O desvio de taxa de embarque no Terminal Rodoviário de Londrina (TRL) é maior do que se pensava. Uma fraude no sistema de computadores mascarou o desvio em 96 e 97.
As conclusões são do Instituto de Criminalística (IC). Ainda não foi possível identificar o responsável pelo rombo. O IC fez a análise contábil dos documentos da Rodoviária e dos recibos fornecidos pela empresa de transporte Viação Garcia, a pedido do delegado do 2º Distrito Policial (DP), Antônio Zuba de Oliva.
O laudo do IC já está pronto e servirá de apoio ao inquérito policial aberto para apurar a irregularidade. A denúncia foi levantada em janeiro, pela Viação Garcia, empresa que responde pela maior parte do movimento de passageiros do Terminal. Os recibos da taxa de embarque que a empresa tem do movimento de 97 não conferiam com os números oficiais, indicando que parte da taxa entregue pela empresa à administração havia sumido. O TRL gera cerca de R$ 120 mil por mês e a taxa de embarque - R$ 1,00 por passageiro - responde por 60% da sua arrecadação.
O Instituto de Criminalística descobriu que a fraude no caixa do TRL prosseguiu durante um ano e nove meses - de 9 de março de 96 a 13 de dezembro de 97 - e que o rombo é bem maior do que o imaginado inicialmente (R$ 53 mil). ‘‘Depois de registrados, emitidos e entregues à empresa de transporte, os recibos do movimento eram simplesmente apagados da memória do computador’’, explica o perito criminal Daniel Felipetto.
Dos 12 funcionários que trabalham na administração do Terminal, apenas três têm senhas que dão acesso ao sistema. ‘‘Sem a senha é impossível entrar no computador’’, diz o perito. Segundo Felipetto, o sistema não permite a recuperação dos dados nem registrou a senha que autorizou o comando. O perito levantou ainda que há falhas nos registros de recibos emitidos para as empresas Princesa do Ivaí e Ouro Branco.
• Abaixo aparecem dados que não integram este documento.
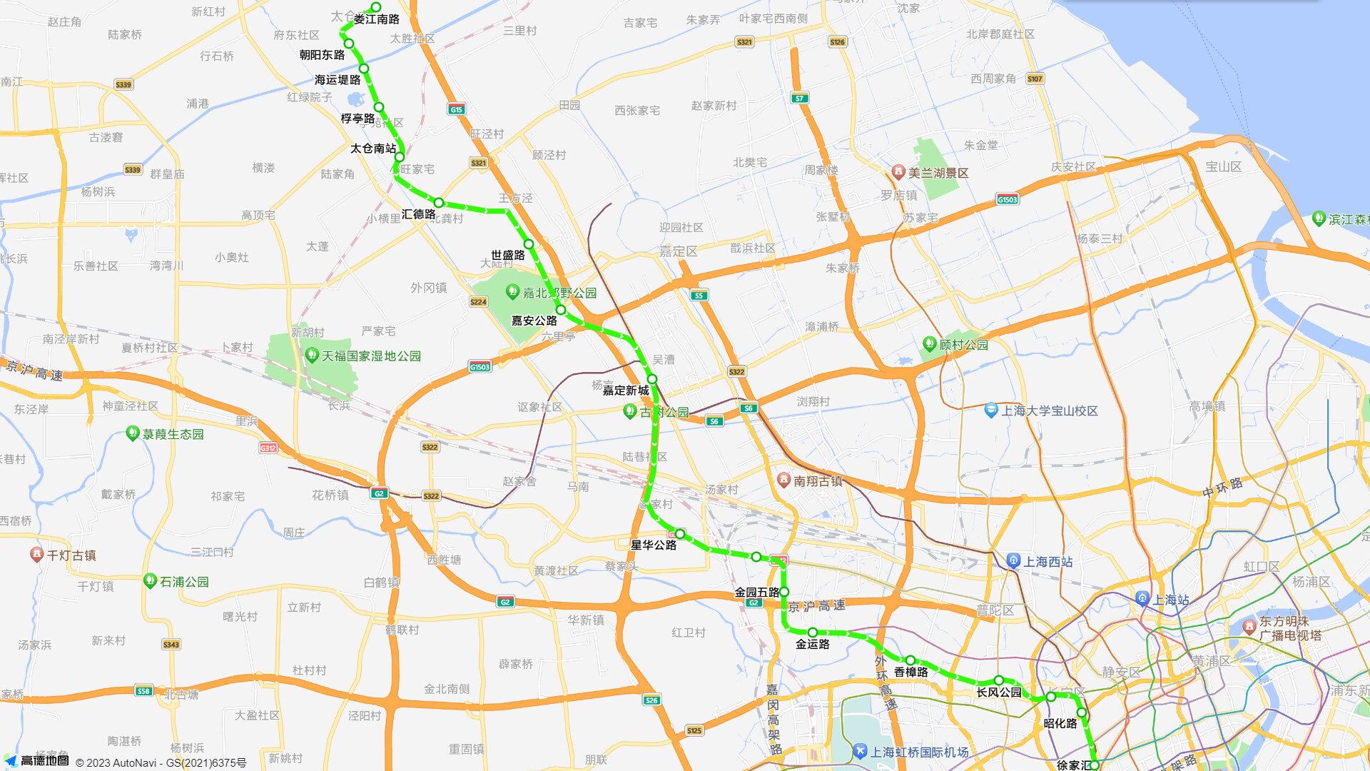 ➤沿104国道向西北步行439米直行
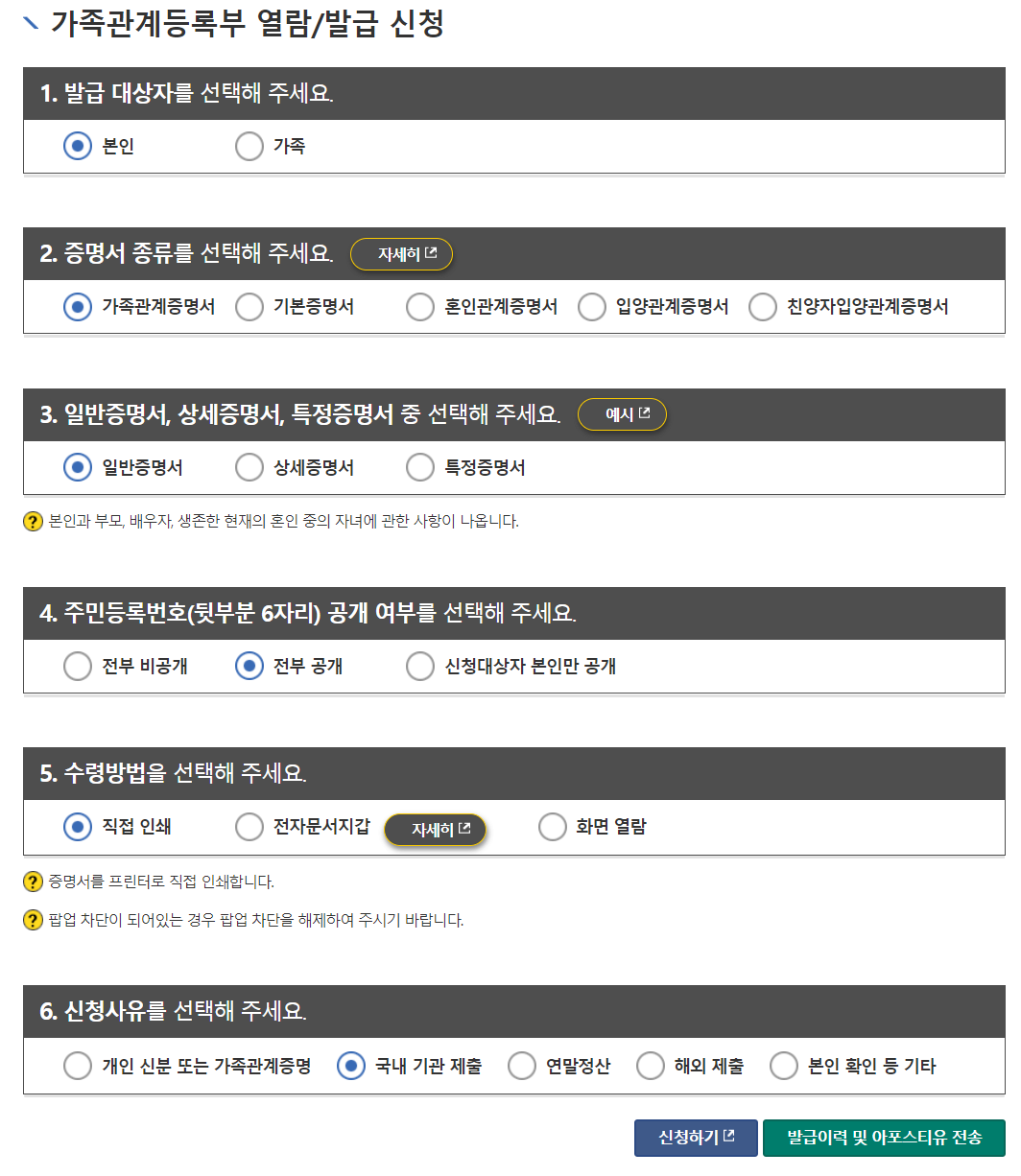 가족관계증명서를 인터넷으로 발급하실때 무엇을 눌러서 발급해야 하는지 헷갈리는 경우가 많은데요. 발급 대상자는 현재 발급하는 본인으로 하는 경우가 많습니다. 가족관계증명서를 선택, 일반증명서 선택, 주민등록번호는 전부 공개로 했습니다. 저는 다자녀 카드를 농협에서 신청 하기위해 방문했더니 주민등록번호를 다 보이게 해서 발급 해 오라고 하셔서 발급하게 되었습니다. 본인이 제출하고자 하는 곳에 물어보고 하시면 됩니다. 직접인쇄, 국내기관 제출을 누른 후 신청하기 버튼을 눌러줍니다.

‘‘A única forma de saber o tamanho do rombo é fazer que as empresas apresentem seus recibos’’, afirma. Para Felipetto, os fraudadores agiram apenas com as empresas maiores porque elas concentram a maior parte do movimento de embarque. ‘‘Com um volume grande de passageiros é mais fácil esconder o desvio.’’
A ação criminosa se apoiou em um sistema de gerenciamento (o unics) e em uma linguagem informática(cobol), ambos bastante complexos. O perito afirma que precisou de um mês só para entrar no sistema e descobrir como a fraude aconteceu. Ele acredita que a Companhia de Desenvolvimento de Londrina (Codel), administradora do condomínio do TRL, não percebeu a irregularidade porque apenas recebia relatórios do movimento geral do local.
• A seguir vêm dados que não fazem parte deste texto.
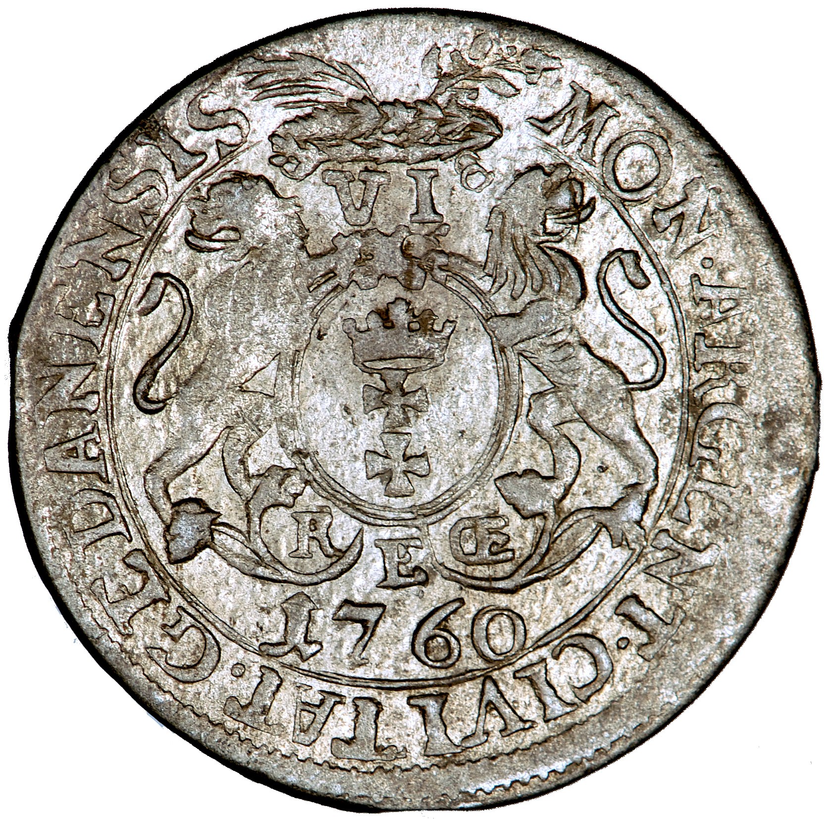 Polska, August III, Gdańsk, szóstak 1760, men. Gdańsk, R. Ernst Œckermann.

O assessor jurídico da Codel, José Walmir Moro, informa que a companhia está esperando a conclusão do inquérito e o seu encaminhamento ao Fórum para iniciar uma auditoria ampla envolvendo todas as empresas que operam no Terminal.
O delegado Antônio Zuba de Oliva informou ontem que só vai se pronunciar depois de avaliar o laudo do Instituto de Criminalística. Explicou que só poderia ter acesso ao documento quando dispusesse de alguém para buscar o laudo no IC. ‘‘Hoje (quinta) tenho apenas um policial que está tomando conta da cadeia’’, justifica. Os envolvidos no desvio responderão por peculato, crime que prevê de dois a 12 anos de prisão.